Optimal Targeting 101

22 Jun

Say you make k products and have a list of potential customers. Assume that you can show each of these potential customers one ad. And that showing them an ad costs nothing. Assume also that you get profits p_1, ..., p_k from each of the k products. What is the optimal targeting strategy?

The goal is to maximize profit. If you didn’t know the probability each customer will buy a product if shown an ad or assume it to be the same across products, then the strategy reduces to showing the ad for the most profitable product to everyone.

If we can estimate the probability the customer will buy each product if they are shown an ad for the product well, we can do better. (We assume that customers won’t buy the product if they don’t see the ad for it.)

When k = 1, the optimal strategy is to target everyone. Now let’s solve it for when k = 2. A customer can either buy \(k_0\) or k_1 or buy nothing at all.

If everyone is shown k_0, the profits are p_0*prob_i_0_true where prob_i_0_true gives the true probability of the ith person buying k_0 when shown an ad for it. And if everyone is shown k_1 ad, the profits are p_1*prob_i_1_true. The net utility calc. for each customer = p_1*prob_i_1 – p_0*prob_i_0. (We generally won’t know prob_i but would estimate it from data and hence the subscript true is not there.) You can recover two numbers from this.

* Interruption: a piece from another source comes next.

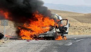 Van’ın Kurubaş Geçidi güzergâhında seyir halinde olan bir yolcu minibüsü, henüz belirlenemeyen bir nedenle motor kısmından alev alarak kısa sürede tamamen yandı. Sürücünün hızlı müdahalesi sayesinde araçtaki yolcular tahliye edildi ve büyük bir facia önlenerek can kaybı yaşanmadı.

One is how to target—pick whichever number is bigger for each customer. Another is in what order to target in: sort by absolute value.

Calculating the Benefits of Targeting

If you don’t target, the best case scenario is that you earn the bigger of the two numbers: p_1*prob_i_1_true, p_0*prob_i_0_true

If you target well (estimate probabilities well), you will recover something that is as good or better than that.

Since we generally won’t have the true probabilities, the best way to estimate the benefit of targeting is via A/B testing. But if you can’t do that, one estimate =

No Targeting estimate = Larger of p_1*prob_i_1, p_0*prob_i_0
Targeting estimate = Sum over all i
p_1*prob_i_1 if p_1*prob_i_1 > p_0*prob_i_0
p_0*prob_i_0 if p_1*prob_i_1 < p_0*prob_i_0
Similar calculations can be done for deriving estimates of the value of better targeting.